My hero.

Thomas has been working really hard in physio this week on finding his balance, controlling his movement, stepping up, on and over a step AND learning to take steps backwards!
Some people never get to meet their hero. I gave birth to mine. #cerebralpalsyawarenessmonth



6 Months Post – Op

We’ve just come back from Bristol, where we had Thomas’ formal 6-month post-op review. They are really happy with his progress, so it’s wonderful to get their confirmation of what we have achieved so far.

Without the spasticity, physio is less about working against that increased tone, and can now be so much more targeted. He is now walking small amounts without any support in physio, but not yet in everyday life. He’s getting there though. 6 months ago, we couldn’t allow ourselves to hope for that outcome, but now we can.

What other beneficial effects have we seen from the operation? Without the spasticity keeping his body (and mind) in an almost permanent state of tension, he is freer in so many ways. Less fearful of new experiences and places. He also has so much more confidence moving around, up & down off chairs, sofa, beds… He’s braver, more determined – he even says “let me do it” or “I won’t give up” when trying to do something difficult.

But where now? In this first 6 months, he’s been doing 5 hours of physio, plus horse riding and swimming every week, and stretches every morning.

From 6 to 12 months, he will spend more time at school, “only” 3 or 4 hours of physio (plus the horse riding and swimming too, occasional yoga with the rest of us, and hopefully time out on his trike now spring is here).

6 months ago, our goal was just to get through the operation safely. Our goal now – get him up on his feet regularly, more independent, and continuing to enjoy life and being 5, despite all the physio.

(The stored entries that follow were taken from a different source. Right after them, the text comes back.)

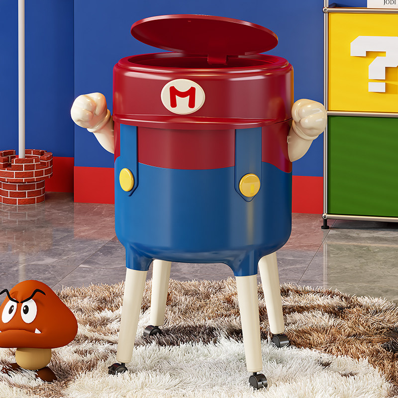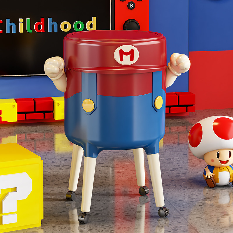 卡通垃圾桶超级马里奥2025新款厨房卧室客厅家用可爱免弯腰可移动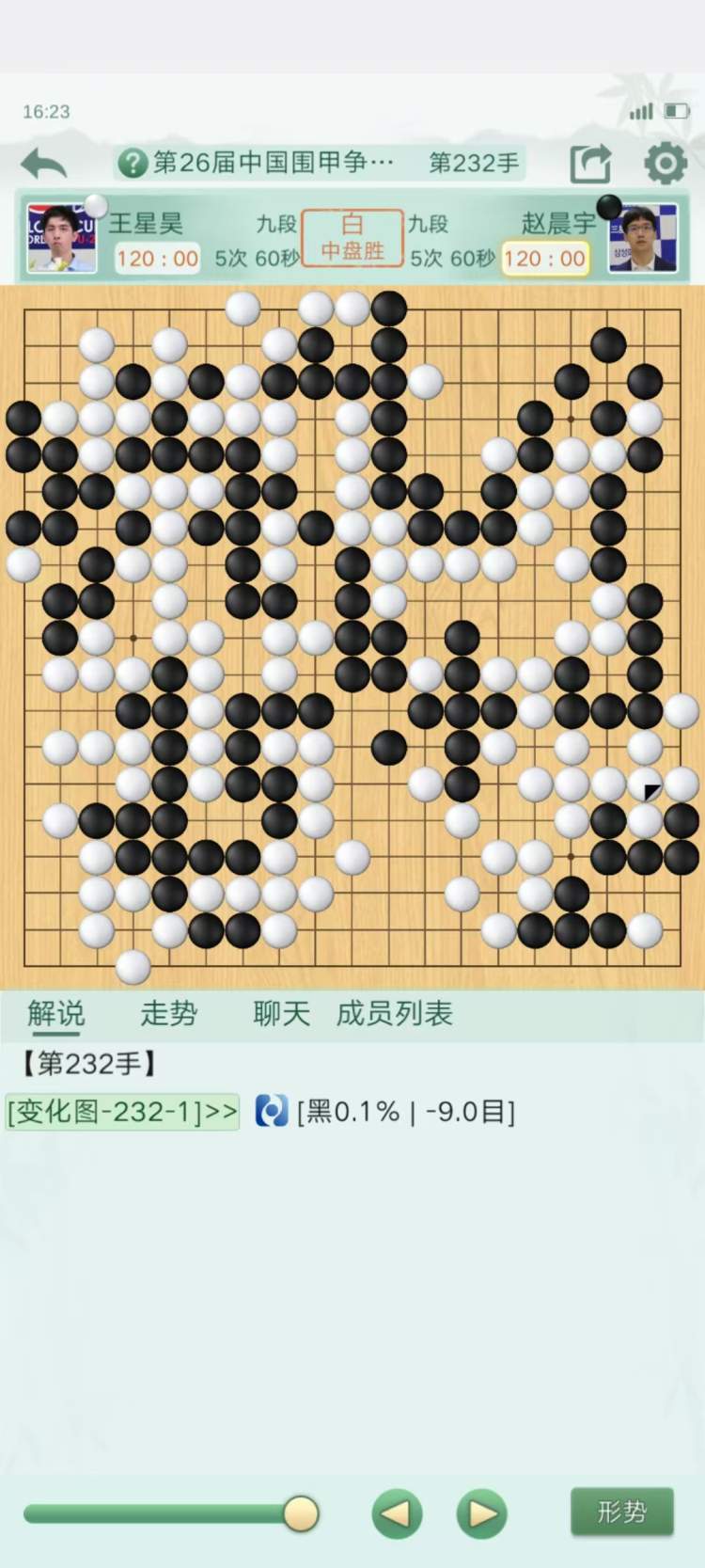 四台:王星昊执白中盘胜赵晨宇。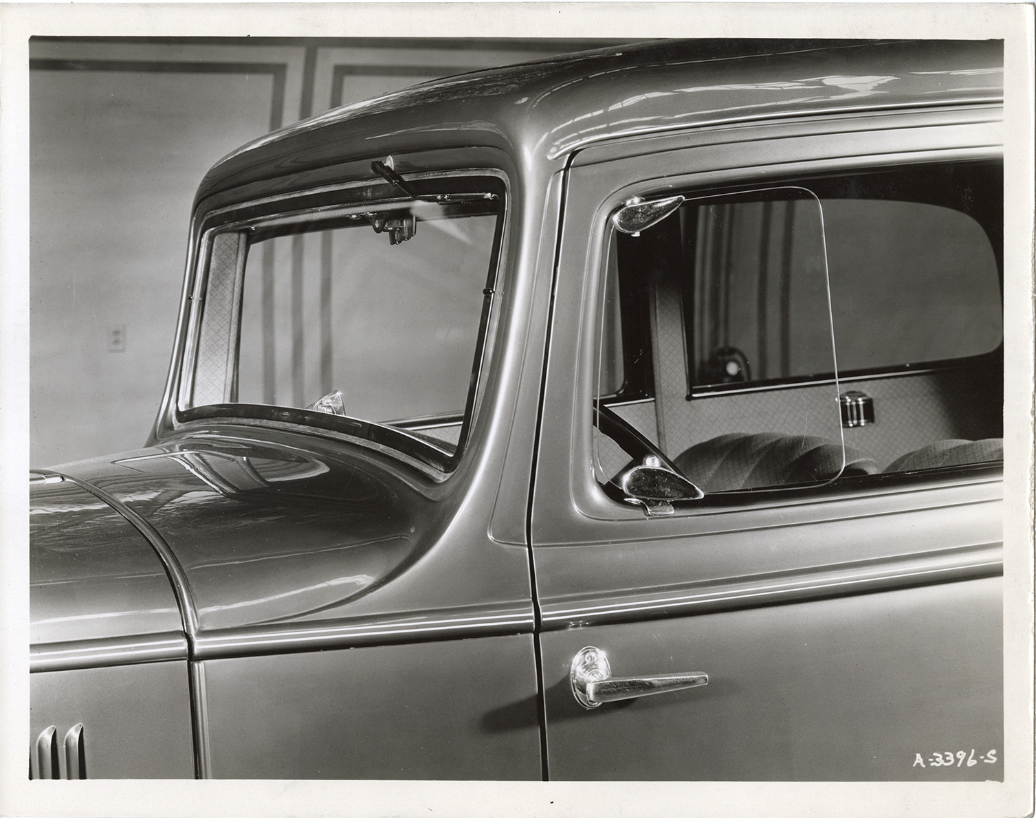 Favorite this☆ Windshield and driver's side window, 1933 Hudson automobile Description: Close-up view of the windshield and driver's side window of a 1933 Hudson car. Handwritten on back: "Dec. 15/32. Front window ventilator." Details Resource ID: na046724 Subject: Automobiles--Windows and windshields Hudson automobile Photographic prints Date Issued: 1932-12-15 Format: 1 photographic print mounted on fabric ; 8 x 10 in. Member of: National Automotive History Collection Filing Location: Hudson, 1933 #13 Rights: Physical rights are retained by DPL. Copyright is retained in accordance with U.S. copyright laws.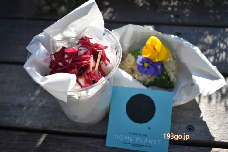 ホームプラネットの大豆ミートの唐揚げと、お花のチラシおにぎりをゲット。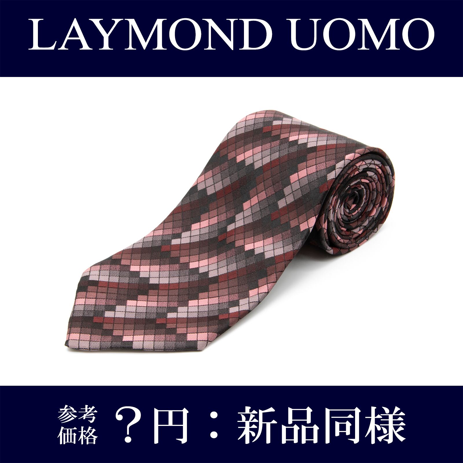 送料無料 レイモンドウォモ ネクタイ 新品同様 ジャガードタイ シルク ピンク ボルドー 黒 ブラック シルバー ブランド タイル 綺麗 N097

We must also say how amazing Dylan has been through all this. With all the attention Thomas has been getting, Dylan has put up with everything – having to stay longer in school when mummy comes to pick Thomas up for physio, at other times having to come along to physio and hospital appointments, and just hearing people always asking about Thomas and not him.

As for Thomas, he’s been utterly amazing. Despite the massive amount of effort he’s put in over these 6 months, we still have a very happy boy.

Thank you to everyone for helping us give Thomas the opportunities he now has. We couldn’t have done it without you.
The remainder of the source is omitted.